Requirement> Reproduction of part of the material below, pictures omitted: copy exactly, and only, the lines starting with the one with "有別于加州納帕地區其他的旅游" and going on through the one with "उपमुख्यमंत्री विजय शर्मा".

Extracted entries>
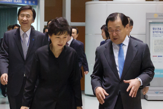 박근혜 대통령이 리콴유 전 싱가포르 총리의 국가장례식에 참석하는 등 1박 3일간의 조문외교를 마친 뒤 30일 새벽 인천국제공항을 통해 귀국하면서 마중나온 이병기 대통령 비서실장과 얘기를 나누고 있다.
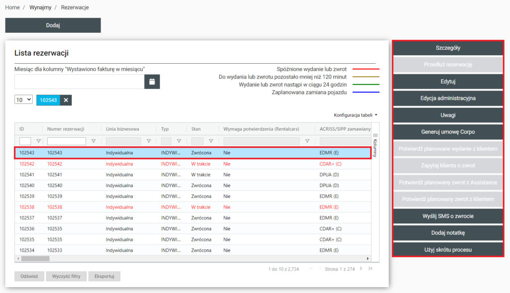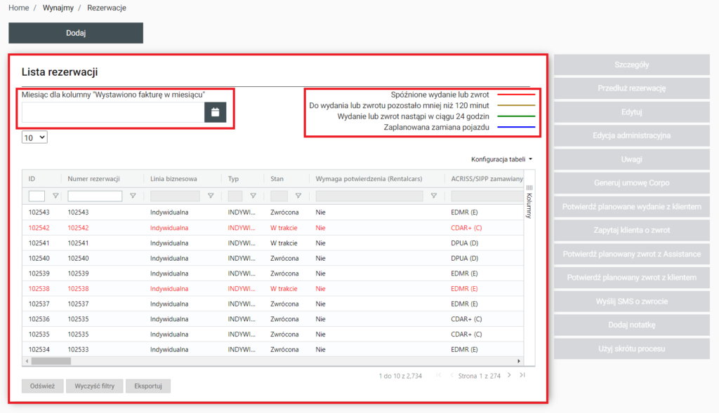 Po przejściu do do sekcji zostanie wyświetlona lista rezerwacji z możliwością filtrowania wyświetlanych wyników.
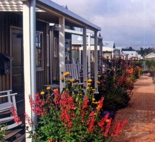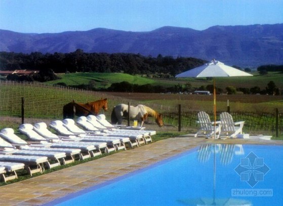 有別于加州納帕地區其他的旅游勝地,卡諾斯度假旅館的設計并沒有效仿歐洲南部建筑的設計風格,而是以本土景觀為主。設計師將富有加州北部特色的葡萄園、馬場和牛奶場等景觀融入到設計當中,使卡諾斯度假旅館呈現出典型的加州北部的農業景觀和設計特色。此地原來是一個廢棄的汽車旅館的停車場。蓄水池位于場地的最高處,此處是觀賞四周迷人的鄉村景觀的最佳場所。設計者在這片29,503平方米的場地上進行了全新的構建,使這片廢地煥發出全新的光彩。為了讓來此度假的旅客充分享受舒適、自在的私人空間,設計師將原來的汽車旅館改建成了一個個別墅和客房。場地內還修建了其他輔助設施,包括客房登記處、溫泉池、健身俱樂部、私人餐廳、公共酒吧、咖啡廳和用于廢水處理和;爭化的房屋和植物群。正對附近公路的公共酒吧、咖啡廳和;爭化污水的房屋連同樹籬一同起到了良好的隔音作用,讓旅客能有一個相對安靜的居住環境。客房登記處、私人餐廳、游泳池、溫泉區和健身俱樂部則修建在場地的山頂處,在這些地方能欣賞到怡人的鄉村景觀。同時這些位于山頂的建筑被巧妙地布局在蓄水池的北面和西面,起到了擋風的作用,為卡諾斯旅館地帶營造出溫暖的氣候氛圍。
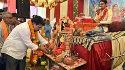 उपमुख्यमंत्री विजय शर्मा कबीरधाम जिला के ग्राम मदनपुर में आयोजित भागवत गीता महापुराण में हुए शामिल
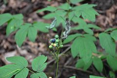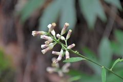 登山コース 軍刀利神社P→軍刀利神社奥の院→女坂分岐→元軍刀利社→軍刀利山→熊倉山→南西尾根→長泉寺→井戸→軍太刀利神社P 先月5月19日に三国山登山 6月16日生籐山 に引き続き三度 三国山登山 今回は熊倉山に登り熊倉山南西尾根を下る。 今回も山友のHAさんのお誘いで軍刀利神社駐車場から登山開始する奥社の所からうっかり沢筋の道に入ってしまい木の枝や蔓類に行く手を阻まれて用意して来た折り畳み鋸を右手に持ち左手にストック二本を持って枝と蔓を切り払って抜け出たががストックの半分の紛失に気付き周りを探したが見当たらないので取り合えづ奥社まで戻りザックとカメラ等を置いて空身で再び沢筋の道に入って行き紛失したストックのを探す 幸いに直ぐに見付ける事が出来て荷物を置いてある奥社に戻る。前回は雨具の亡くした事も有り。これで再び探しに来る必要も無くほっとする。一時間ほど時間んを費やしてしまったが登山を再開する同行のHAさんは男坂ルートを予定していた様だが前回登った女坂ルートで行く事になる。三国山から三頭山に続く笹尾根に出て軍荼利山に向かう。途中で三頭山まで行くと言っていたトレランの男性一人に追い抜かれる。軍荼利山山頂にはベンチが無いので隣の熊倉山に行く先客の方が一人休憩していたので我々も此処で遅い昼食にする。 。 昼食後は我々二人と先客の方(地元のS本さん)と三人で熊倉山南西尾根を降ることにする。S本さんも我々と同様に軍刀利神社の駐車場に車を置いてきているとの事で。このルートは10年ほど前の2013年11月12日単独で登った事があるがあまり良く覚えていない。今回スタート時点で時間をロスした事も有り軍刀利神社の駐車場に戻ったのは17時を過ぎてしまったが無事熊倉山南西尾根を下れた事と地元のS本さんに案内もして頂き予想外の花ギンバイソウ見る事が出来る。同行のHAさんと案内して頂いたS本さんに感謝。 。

Response to this exercise>
 有別于加州納帕地區其他的旅游勝地,卡諾斯度假旅館的設計并沒有效仿歐洲南部建筑的設計風格,而是以本土景觀為主。設計師將富有加州北部特色的葡萄園、馬場和牛奶場等景觀融入到設計當中,使卡諾斯度假旅館呈現出典型的加州北部的農業景觀和設計特色。此地原來是一個廢棄的汽車旅館的停車場。蓄水池位于場地的最高處,此處是觀賞四周迷人的鄉村景觀的最佳場所。設計者在這片29,503平方米的場地上進行了全新的構建,使這片廢地煥發出全新的光彩。為了讓來此度假的旅客充分享受舒適、自在的私人空間,設計師將原來的汽車旅館改建成了一個個別墅和客房。場地內還修建了其他輔助設施,包括客房登記處、溫泉池、健身俱樂部、私人餐廳、公共酒吧、咖啡廳和用于廢水處理和;爭化的房屋和植物群。正對附近公路的公共酒吧、咖啡廳和;爭化污水的房屋連同樹籬一同起到了良好的隔音作用,讓旅客能有一個相對安靜的居住環境。客房登記處、私人餐廳、游泳池、溫泉區和健身俱樂部則修建在場地的山頂處,在這些地方能欣賞到怡人的鄉村景觀。同時這些位于山頂的建筑被巧妙地布局在蓄水池的北面和西面,起到了擋風的作用,為卡諾斯旅館地帶營造出溫暖的氣候氛圍。
 उपमुख्यमंत्री विजय शर्मा कबीरधाम जिला के ग्राम मदनपुर में आयोजित भागवत गीता महापुराण में हुए शामिल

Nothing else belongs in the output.